§ **Directions for this task**: All lines from the top of the records below through the line holding "Nu är det sista", and only those, should be printed exactly, minus the pictures.

========================================

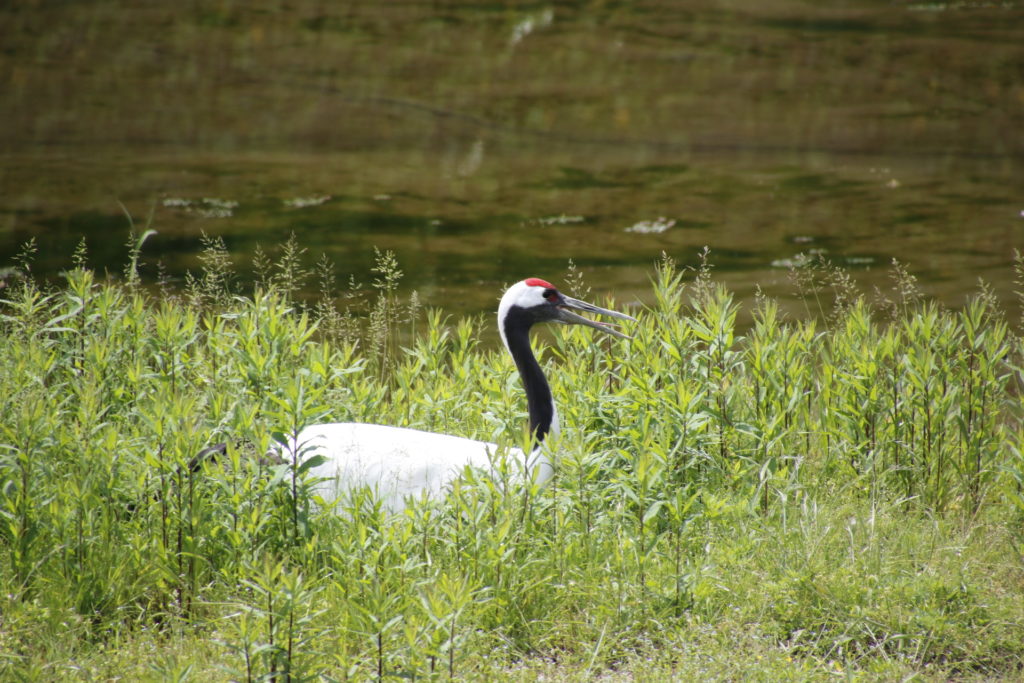 早朝、抱卵中の親丹頂は眠っていた。珍客(ヌートリア)も現れた。
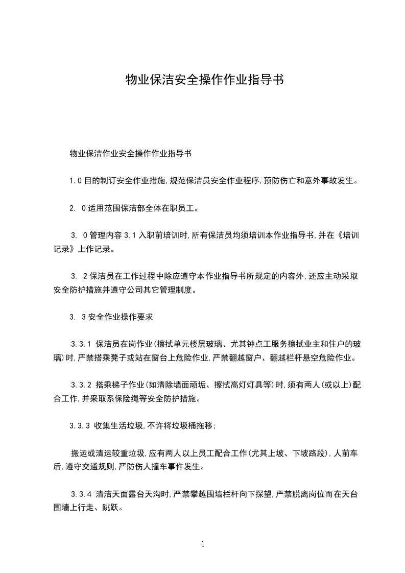 1.0目的制订安全作业措施,规范保洁员安全作业程序,预防伤亡和意外事故发生。
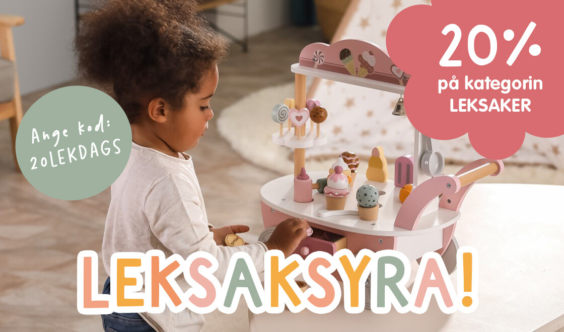 Nu är det sista chansen att ta del av kampanjerna 10% på utvalda barnvagnar & tillbehör med kod: BARNVAGN10 samt 20% på nästan hela kategorin Leksaker med kod: 20LEKDAGS.
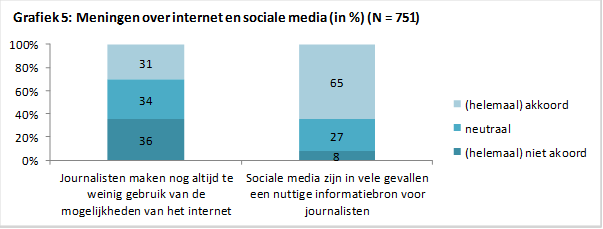 Hoe staan journalisten zelf ten opzichte van internet en sociale media? Om deze vraag te beantwoorden legden we de respondenten twee stellingen voor. De grafiek op de volgende pagina toont dat de meerderheid (65%) van de respondenten meent dat sociale media in vele gevallen een nuttige informatiebron kunnen zijn voor journalisten (tweede balk). Wat opvalt is dat het percentage dat akkoord gaat met deze stelling daalt naarmate de leeftijd toeneemt (van 78% in de jongste categorie naar 44% in de oudste categorie). Bovendien stellen we vast dat ruim drie op de tien respondenten (31%) ervan overtuigd zijn dat journalisten nog altijd te weinig gebruik maken van de mogelijkheden van het internet (eerste balk). Dat percentage ligt opvallend hoger dan vijf jaar geleden (24%).
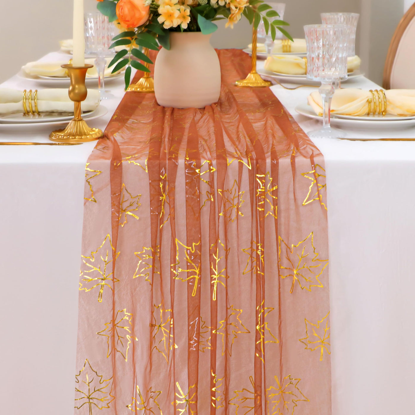 Snowkingdom Fall Thanksgiving Table Runner 10Ft, Gold Maple Leaves Burnt Orange Rust Sheer Tulle Gauze Cheesecloth, Golden Sequi
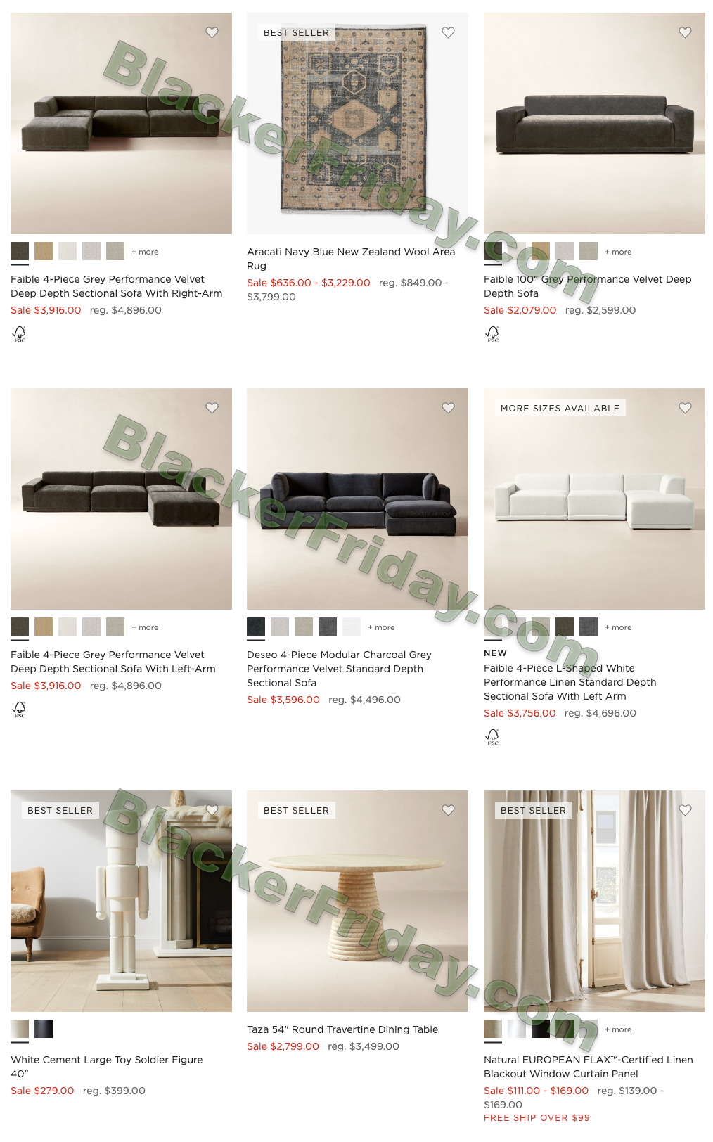 - Furniture & Sectionals – Many large items, including sofas and sectionals, are on sale at up to 20–30% off, with select items discounted as much as 60%.
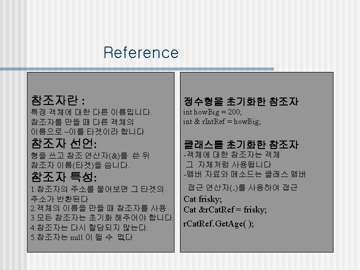 Reference Example 1 #include<iostream. h> class Smple. Cat { public: // 범용접근 제한자 Simple. Cat(int age, int weight); ~Simple. Ct(){} int Get. Age( ){return its. Age; }//inline int Get. Weight( ); private: // 전용접근 제한자 int its. Age; int its. Weight; }; Simple: : Simple. Cat(int age, int weight) { its. Age = age; its. Weight = weight; } int Simple. Cat: : Get. Weight() { return its. Weight; } void main { Simple. Cat Frisky(5, 8); // 객체변수를 r. Cat 참조자로 선언 Simple. Cat &r. Cat = Frisky; cout<<“Frisky is: ”; cout<<Frisky. Get. Age()<<“years old. n”; cout<<“And Frisky weights: ”; // < 참조자를 사용하여 함수를 호출> cout<<r. Cat. Get. Weight()<<“Pounds. n”; }

========================================

§ **Exercise solution**:
 早朝、抱卵中の親丹頂は眠っていた。珍客(ヌートリア)も現れた。
 1.0目的制订安全作业措施,规范保洁员安全作业程序,预防伤亡和意外事故发生。
 Nu är det sista chansen att ta del av kampanjerna 10% på utvalda barnvagnar & tillbehör med kod: BARNVAGN10 samt 20% på nästan hela kategorin Leksaker med kod: 20LEKDAGS.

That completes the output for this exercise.